**Extracted data:**
#####

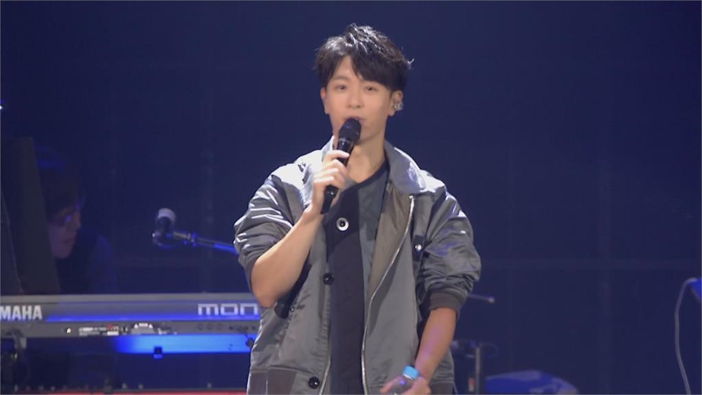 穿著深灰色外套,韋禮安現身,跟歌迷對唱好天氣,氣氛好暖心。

#####

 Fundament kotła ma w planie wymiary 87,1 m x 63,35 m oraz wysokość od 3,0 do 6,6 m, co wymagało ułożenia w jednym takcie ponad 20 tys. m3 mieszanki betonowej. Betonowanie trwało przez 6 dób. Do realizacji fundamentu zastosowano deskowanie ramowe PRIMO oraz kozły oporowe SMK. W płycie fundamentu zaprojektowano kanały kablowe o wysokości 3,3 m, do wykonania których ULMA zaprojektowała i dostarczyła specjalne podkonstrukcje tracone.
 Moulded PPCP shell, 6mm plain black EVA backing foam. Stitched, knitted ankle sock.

#####

**The task:** The reply should consist solely of the lines above from the one that has "Fundament kotła ma" through the one that has "Moulded PPCP shell, 6mm", reproduced exactly.

**Your response:**
 Fundament kotła ma w planie wymiary 87,1 m x 63,35 m oraz wysokość od 3,0 do 6,6 m, co wymagało ułożenia w jednym takcie ponad 20 tys. m3 mieszanki betonowej. Betonowanie trwało przez 6 dób. Do realizacji fundamentu zastosowano deskowanie ramowe PRIMO oraz kozły oporowe SMK. W płycie fundamentu zaprojektowano kanały kablowe o wysokości 3,3 m, do wykonania których ULMA zaprojektowała i dostarczyła specjalne podkonstrukcje tracone.
 Moulded PPCP shell, 6mm plain black EVA backing foam. Stitched, knitted ankle sock.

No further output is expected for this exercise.